** TASK INSTRUCTIONS **
As soon as the line containing "Damskie Botki Workery" appears in the material below, start returning lines exactly, and end with the line containing "OMIRO 1X/10X Compact".

** RECORDS FOR THE TASK **
------------------------
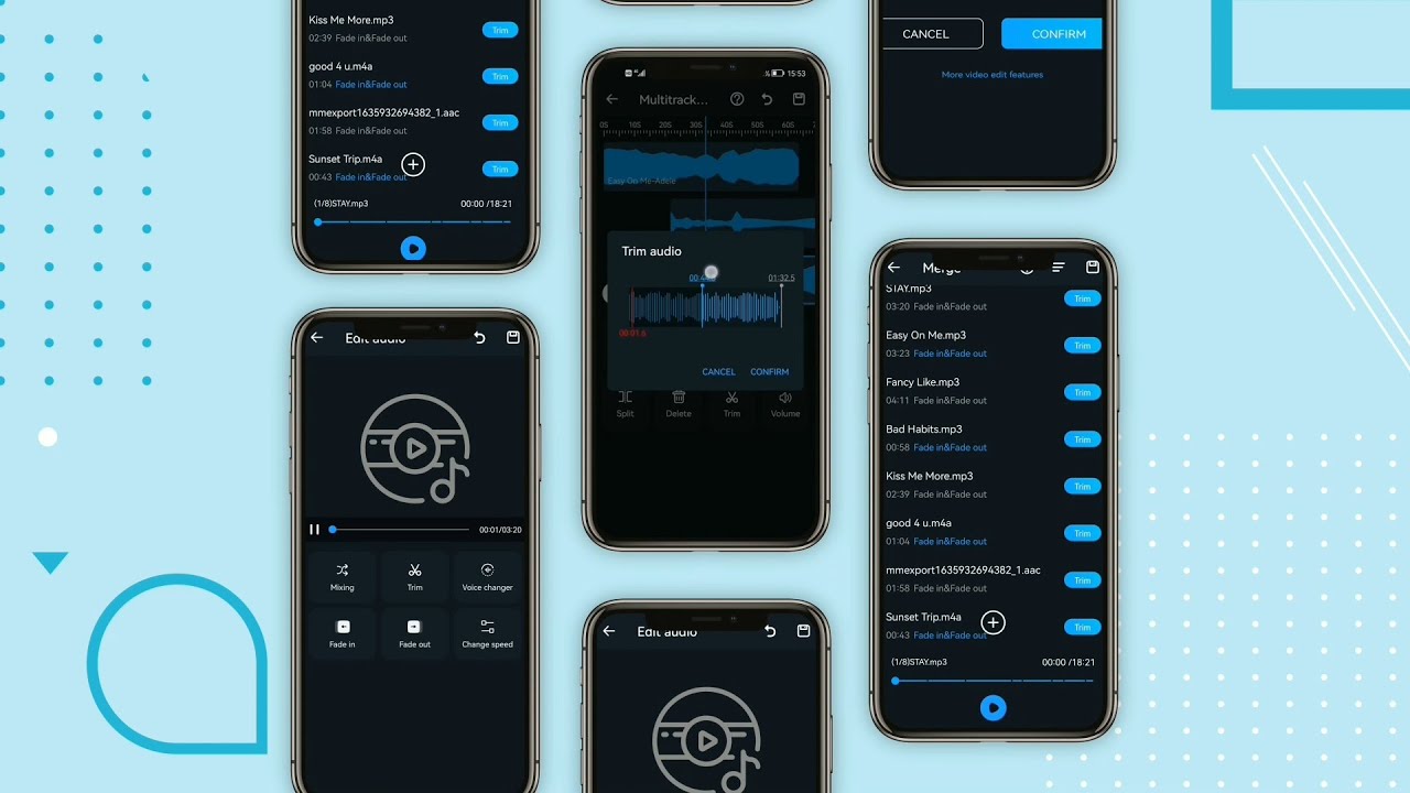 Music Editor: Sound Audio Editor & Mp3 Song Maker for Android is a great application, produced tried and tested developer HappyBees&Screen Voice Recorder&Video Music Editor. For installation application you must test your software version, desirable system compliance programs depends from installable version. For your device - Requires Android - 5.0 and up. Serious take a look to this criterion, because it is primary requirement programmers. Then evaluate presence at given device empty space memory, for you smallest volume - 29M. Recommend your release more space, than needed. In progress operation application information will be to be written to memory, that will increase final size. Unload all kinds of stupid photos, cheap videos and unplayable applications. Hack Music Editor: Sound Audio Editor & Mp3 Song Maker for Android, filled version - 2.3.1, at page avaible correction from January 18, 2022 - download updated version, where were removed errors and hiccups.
------------------------
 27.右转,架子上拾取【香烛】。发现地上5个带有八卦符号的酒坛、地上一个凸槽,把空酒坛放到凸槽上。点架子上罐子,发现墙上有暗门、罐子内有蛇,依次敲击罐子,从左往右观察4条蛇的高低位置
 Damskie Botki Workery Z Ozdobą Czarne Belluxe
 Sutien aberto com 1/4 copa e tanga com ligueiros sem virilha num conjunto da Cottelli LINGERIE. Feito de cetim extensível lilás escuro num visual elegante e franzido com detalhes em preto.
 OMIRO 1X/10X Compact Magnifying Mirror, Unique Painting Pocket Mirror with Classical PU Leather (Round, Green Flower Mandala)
------------------------
** RESULT OF THIS EXERCISE **
 Damskie Botki Workery Z Ozdobą Czarne Belluxe
 Sutien aberto com 1/4 copa e tanga com ligueiros sem virilha num conjunto da Cottelli LINGERIE. Feito de cetim extensível lilás escuro num visual elegante e franzido com detalhes em preto.
 OMIRO 1X/10X Compact Magnifying Mirror, Unique Painting Pocket Mirror with Classical PU Leather (Round, Green Flower Mandala)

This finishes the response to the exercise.